1. x:Code in XAML without x:Class (ResourceDictionary)

Today the source generator already compiles XAML files without an explicit x:Class (primarily ResourceDictionary files) by synthesizing a temporary class. Should x:Code be supported in that scenario?

Arguments for: A ResourceDictionary with value converters or helper methods defined inline via x:Code would be fully self-contained — no satellite .cs file needed.

Arguments against: The synthesized class is an implementation detail with no stable identity; members declared in x:Code would exist on a type that consumers can't reference. This may create confusion about member visibility and testability.

Tentative answer: Defer — require x:Class initially (constraint #2). Revisit if there's demand for self-contained RD files.

2. Follow-up: make .xaml.cs code-behind optional

With x:Code, the code-behind file becomes redundant for simple pages. As a follow-up, the source generator should emit a complete code-behind (including constructor and InitializeComponent() call) when no .xaml.cs file is present — making true single-file XAML components possible:

<!-- No .xaml.cs file needed -->
<ContentPage xmlns="http://schemas.microsoft.com/dotnet/2021/maui"
             xmlns:x="http://schemas.microsoft.com/winfx/2009/xaml"
             x:Class="MyApp.SimplePage">

    <x:Code><![CDATA[
        void OnTap(object sender, EventArgs e) => Title = "Tapped!";
    ]]></x:Code>

    <Button Text="Tap me" Clicked="{OnTap}" />
</ContentPage>

This is a separate work item that depends on x:Code landing first.

3. IDE integration (code completion, diagnostics)

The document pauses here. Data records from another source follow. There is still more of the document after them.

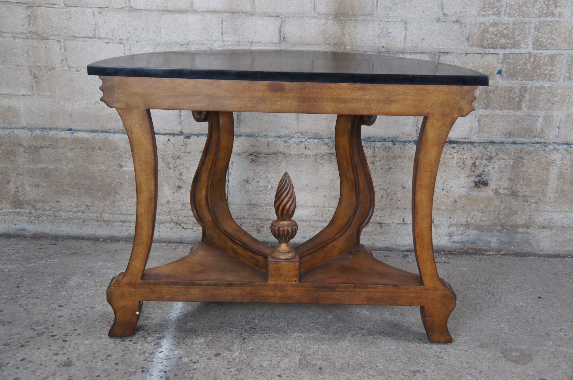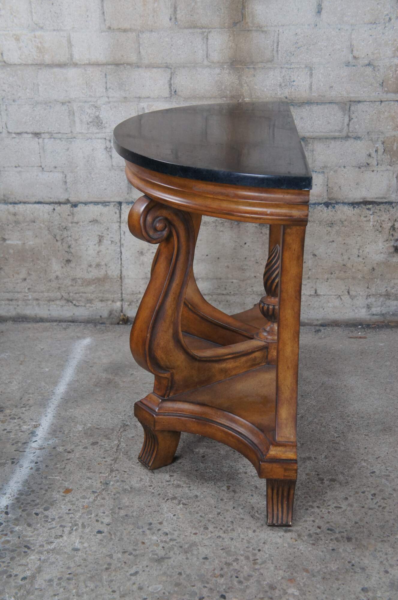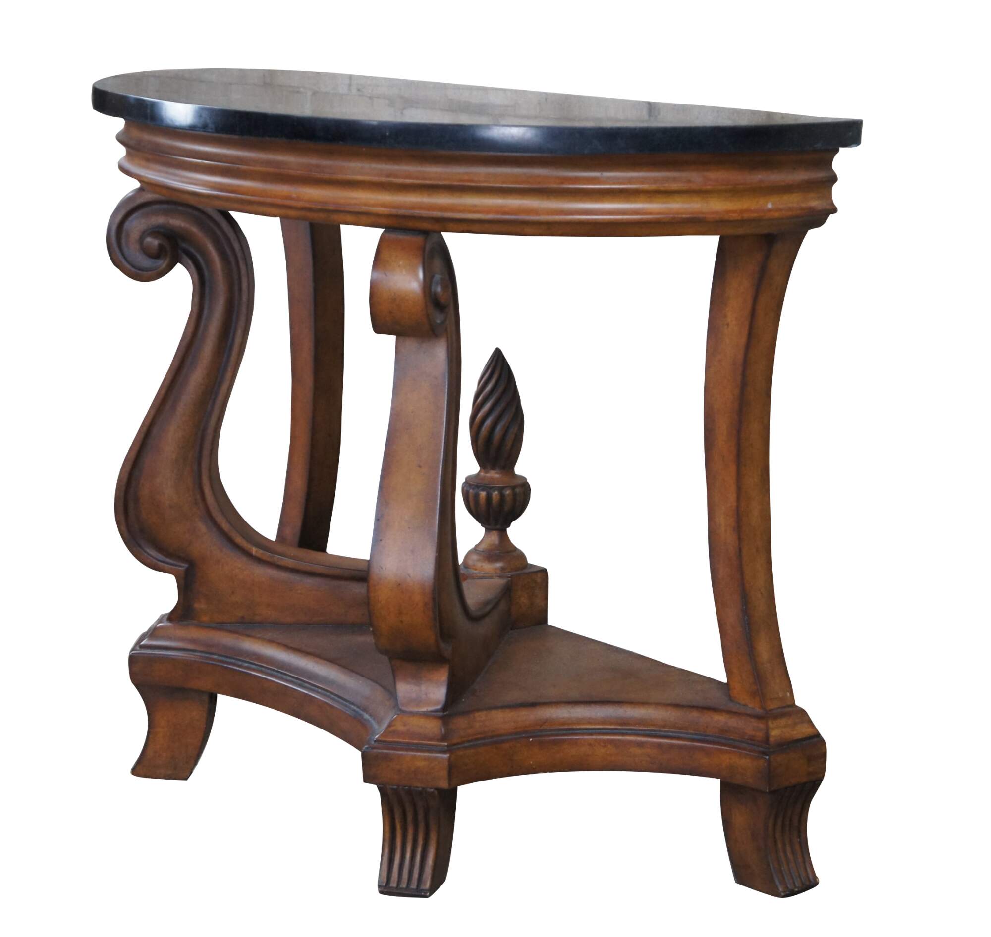 Traditional French inspired crescent shaped console table. Features a tessellated stone top and mahogany finish. The top is supported by cruved and scrolled supports with a central turned trophy finial. The table has curved and fluted feet.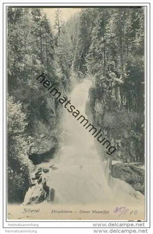 Zillertal - Stillupklamm - Oberer Wasserfall - Verlag Joh. Maidler Mayrhofen - Marke entfernt (G26107) gel. 1910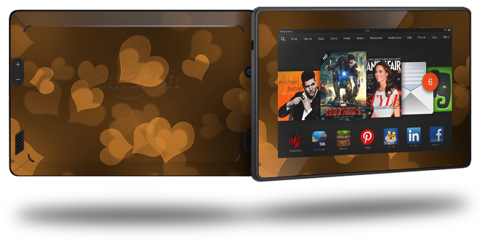 Bokeh Hearts Orange - Decal Style Skin fits 2013 Amazon Kindle Fire HD 7 inch

x:Code blocks contain C# code embedded inside XAML (typically inside <![CDATA[...]]>). The source generator will emit this code verbatim into a partial class, so compiler diagnostics will surface — but with mapped locations pointing into the XAML file, which IDEs may or may not handle gracefully.

Key questions:

  • Code completion: Can VS / VS Code provide IntelliSense inside x:Code CDATA blocks? This likely requires IDE-side awareness of the embedded language context (similar to how Razor handles @code {} blocks). Without it, developers get correctness (compiler errors) but lose discoverability.
  • Syntax highlighting: XAML editors currently treat CDATA as opaque text. C# highlighting inside x:Code would require editor extensions or language server cooperation.
  • Error mapping: The source generator can emit #line directives to map errors back to XAML line numbers. This works for compiler errors but may not integrate with IDE inline error display inside CDATA.

Tentative answer: Ship x:Code without IDE-specific tooling initially — compiler errors and HR work out of the box. IDE richness (completion, highlighting) is a tooling follow-up that can be pursued independently, potentially by the VS XAML Language Service team.

Non-goals

  • x:Code in non-root elements (e.g., inside DataTemplates) — out of scope for initial implementation.
  • Multi-language support — C# only, matching XEXPR.
  • Runtime interpretation — compilation only, no eval/scripting.